It’s a sad state of affairs when I can not take each new experience I have and use it to reflect directly upon the previous moment of my life in a way that is cumulatively constructive. All I can do is write it down what I think, and hope that someone else finds it interesting enough to act upon, or hope that I can serendipitously encounter someone else who can fill in the gaps for me in what I am missing in my writing, and then return to my previous work to expound upon it. As I cannot act upon my own thoughts, as I am too busy committing them to writing and speech, I must rely completely on others to determine their validity and enact them in the world. Sadly, I usually find that the world changes to leave me and my writing behind, invalidating not only the truth of the writing, but the truth of it in the world, the moment I submit my thoughts to writing or speech. This leaves me vulnerable in the extreme. I have a recursive n-1 deletion bug in my ability to recall memories of what has just happened in the quantum moment prior to this one, because the part of my body that commits this storage activity has been zapped from existence, and I have no foreknowledge of what actions I may take, only that they are likely to be weak, insignificant, and ineffectual, as my ability to inspect the past in order to predict the future has been compromised. In a sense, this is inevitable due to the ratio of useless information created daily as compared to the amount of actionable, utilitarian information I am able to produce.
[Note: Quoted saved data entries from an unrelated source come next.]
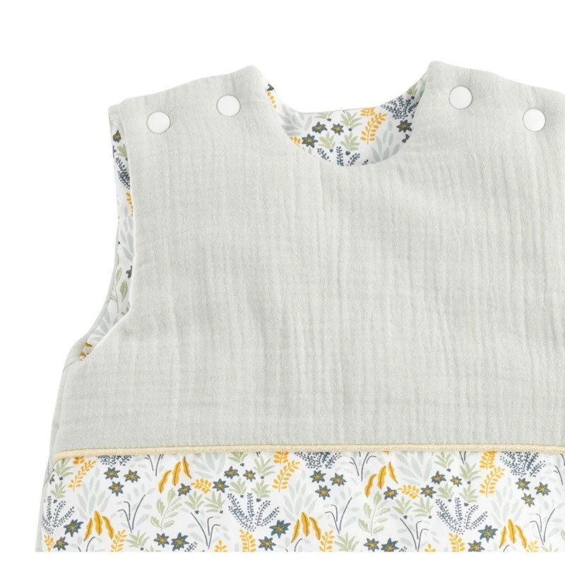 Cette jolie gigoteuse de la collection Promenons-nous est destinée aux enfants entre 0 et 6 mois. La marque Sauthon a choisi de lui donner un look résolument moderne en optant pour un magnifique imprimé végétal, associé à un tissu uni sur le plastron, le tout dans une déclinaison de couleurs naturelles, vert, bleu et jaune.
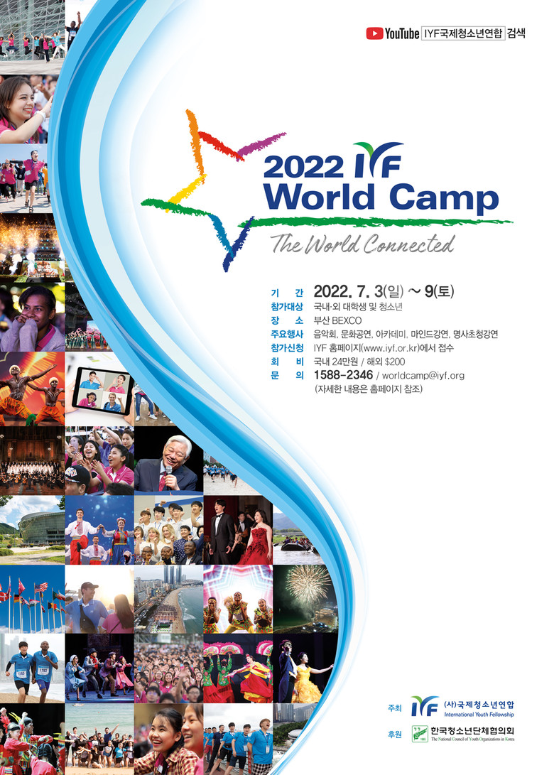 1995년 ‘한미청소년수련회’를 시작으로 매년 개최된 ‘IYF 월드캠프’는 코로나 팬데믹으로 지난 2년간 온라인으로 개최됐으며, 코로나 팬데믹의 완화와 함께 60개국 2700여 명의 대학생과 청소년, 각국 청소년부‧교육부 장관과 대학 총장 등이 참석하는 대면 행사로 개최된다.
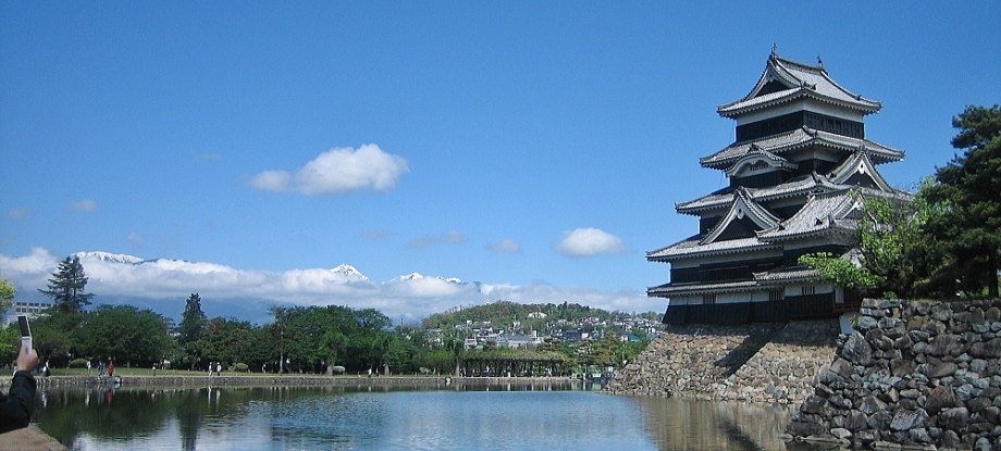 松本市松本城公園:常念岳と蝶ケ岳を背景にした松本城 撮影は2012年5月中旬 |
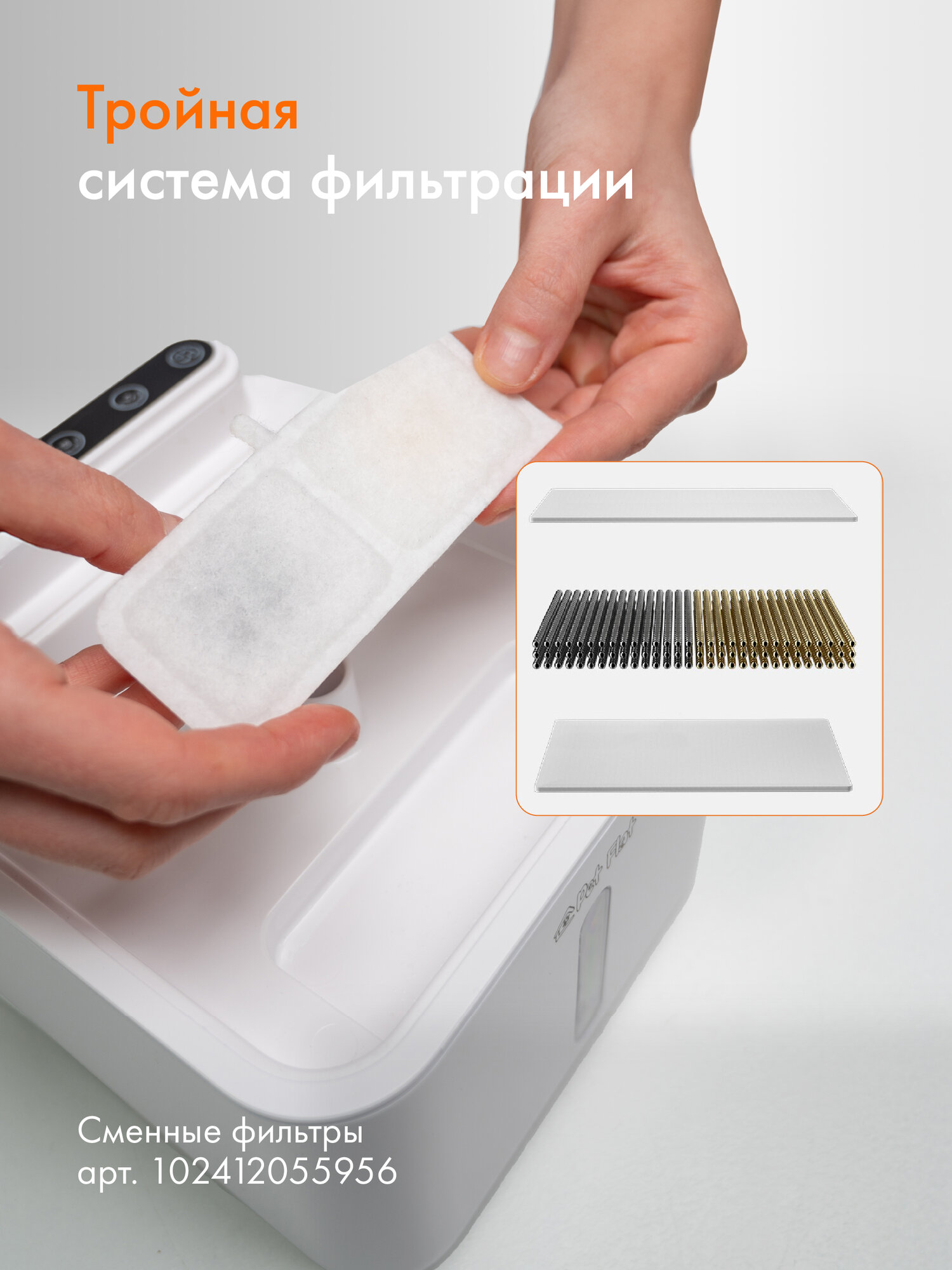 | Подробная комплектация | Миска; фильтр; адаптер и кабель; щипцы; фонтан; резервуар; щётка; руководство пользователя |
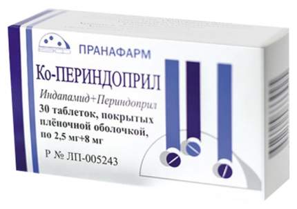 Ко-периндоприл, 2 .5 мг+8 мг, таблетки, покрытые пленочной оболочкой, 30 . . .
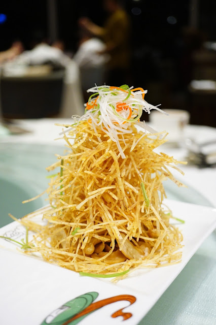 金絲脆腰果 (新菜式): 這真是讓人嘖嘖稱奇的手工菜,切得幼如絲而炸得不油身的悅口小食, 淋上蜜糖是令嘴內多了一分香甜,還以腰果墊底,大讚!

Often, chronologists will state that time does not exist except as the act of arbitrarily metering consecutive, reproducible phenomenon in order to create an artificial standard by which ongoing movement can be measured. Often, as biologically limited beings, we find that the more elements operating in a motive system, the harder it is to keep track of all of them. When enough things are in motion, to the perceiver, everything happens at once. We can feel confident in our experience when watching a raindrop, but no one can track every drop in a thunderstorm.
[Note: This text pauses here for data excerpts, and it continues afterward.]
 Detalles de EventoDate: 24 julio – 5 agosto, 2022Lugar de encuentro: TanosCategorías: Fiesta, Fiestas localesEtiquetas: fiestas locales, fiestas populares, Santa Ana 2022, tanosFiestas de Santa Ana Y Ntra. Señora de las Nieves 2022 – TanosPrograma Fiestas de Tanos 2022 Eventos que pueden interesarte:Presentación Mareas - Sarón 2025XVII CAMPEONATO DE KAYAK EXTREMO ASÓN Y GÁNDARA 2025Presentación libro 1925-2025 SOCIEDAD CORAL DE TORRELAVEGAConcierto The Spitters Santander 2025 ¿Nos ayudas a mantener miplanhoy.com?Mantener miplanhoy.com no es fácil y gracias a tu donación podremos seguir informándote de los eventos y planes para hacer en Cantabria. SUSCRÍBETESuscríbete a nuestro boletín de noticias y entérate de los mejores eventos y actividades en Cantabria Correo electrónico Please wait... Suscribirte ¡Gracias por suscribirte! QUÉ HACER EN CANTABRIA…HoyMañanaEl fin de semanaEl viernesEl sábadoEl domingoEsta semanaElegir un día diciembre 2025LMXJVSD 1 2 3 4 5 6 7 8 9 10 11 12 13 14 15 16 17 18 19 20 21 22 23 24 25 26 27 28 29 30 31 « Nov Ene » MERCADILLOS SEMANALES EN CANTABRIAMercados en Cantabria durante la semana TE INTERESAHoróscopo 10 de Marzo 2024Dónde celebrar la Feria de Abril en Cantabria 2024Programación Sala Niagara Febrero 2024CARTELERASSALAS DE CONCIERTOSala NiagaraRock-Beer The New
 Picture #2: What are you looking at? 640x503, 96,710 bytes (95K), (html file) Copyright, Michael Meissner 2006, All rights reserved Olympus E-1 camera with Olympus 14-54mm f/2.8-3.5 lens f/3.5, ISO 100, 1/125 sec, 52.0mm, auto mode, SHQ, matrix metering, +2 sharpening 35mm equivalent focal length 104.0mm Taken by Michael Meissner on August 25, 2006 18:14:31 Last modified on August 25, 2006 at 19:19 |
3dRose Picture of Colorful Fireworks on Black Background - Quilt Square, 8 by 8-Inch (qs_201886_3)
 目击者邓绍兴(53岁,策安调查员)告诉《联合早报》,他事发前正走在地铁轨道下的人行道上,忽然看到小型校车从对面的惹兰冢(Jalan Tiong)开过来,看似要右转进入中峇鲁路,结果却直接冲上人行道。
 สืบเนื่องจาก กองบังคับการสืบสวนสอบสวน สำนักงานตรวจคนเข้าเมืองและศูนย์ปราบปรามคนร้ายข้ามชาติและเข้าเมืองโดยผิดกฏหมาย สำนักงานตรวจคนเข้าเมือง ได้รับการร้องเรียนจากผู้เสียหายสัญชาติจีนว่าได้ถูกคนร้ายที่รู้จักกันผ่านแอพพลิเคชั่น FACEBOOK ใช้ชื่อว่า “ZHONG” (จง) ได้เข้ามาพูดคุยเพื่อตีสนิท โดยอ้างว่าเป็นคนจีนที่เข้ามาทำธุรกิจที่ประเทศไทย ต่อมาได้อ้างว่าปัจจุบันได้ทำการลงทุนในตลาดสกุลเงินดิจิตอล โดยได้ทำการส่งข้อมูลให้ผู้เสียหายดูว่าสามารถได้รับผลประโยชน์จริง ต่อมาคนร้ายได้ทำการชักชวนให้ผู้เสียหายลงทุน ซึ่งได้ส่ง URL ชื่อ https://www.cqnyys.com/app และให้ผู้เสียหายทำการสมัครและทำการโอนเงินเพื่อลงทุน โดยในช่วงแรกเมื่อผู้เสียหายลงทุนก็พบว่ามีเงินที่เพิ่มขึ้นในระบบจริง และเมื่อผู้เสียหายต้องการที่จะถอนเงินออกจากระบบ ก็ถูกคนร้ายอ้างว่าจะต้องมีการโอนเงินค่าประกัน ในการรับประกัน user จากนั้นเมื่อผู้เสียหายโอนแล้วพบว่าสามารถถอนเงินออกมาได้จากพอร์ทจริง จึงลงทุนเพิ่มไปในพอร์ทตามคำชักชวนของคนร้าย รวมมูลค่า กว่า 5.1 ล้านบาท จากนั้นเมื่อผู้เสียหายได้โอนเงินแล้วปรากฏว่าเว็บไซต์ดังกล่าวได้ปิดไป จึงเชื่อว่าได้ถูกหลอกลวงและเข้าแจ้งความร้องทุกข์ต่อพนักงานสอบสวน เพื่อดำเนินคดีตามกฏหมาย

More and more, I find that everything bad I have ever done and will ever do is already known to the future, and as punishment to me, the literal, living, breathing harbringers of suffering and judgement are sent to the relative past, within my own life-thread, such that they damage me in my time of innocence as punishment for my future actions. I see this taking place as a conspiratorial attempt on behalf of those who would desire to exploit and discredit me, taking special pains to do so due to differences in our race and culture, and finding themselves able to do so with ease as a result of the glut of information available to them on the subject of this writing’s author. In effect, this turns me into a person who is compelled by my future victim to enact the pain of my retaliation upon them as no more than an inevitable, existentially bound, and undeniable external fulfillment of reality itself during moments in which I experience no foreknowledge of who it is I will be hurting, with guilt for having done something wrong, be it warranted or not, serving as the beacon for the transmission of my punishment in the time that follows. I cannot count, due to the number’s immensity, the sum of moments in which I should have been justified in harming others for their vicious attacks upon my being, and instead, chose to do nothing, out of empathy for how it would feel to them to be harmed. In other words, I can do whatever I want, because I’ve already been punished for doing it before the infraction has taken place, so the safest course of action when I am inclined to feel good about myself and interact with the world is to do nothing ever again, in order to avoid a situation in which myself or someone else might come to harm.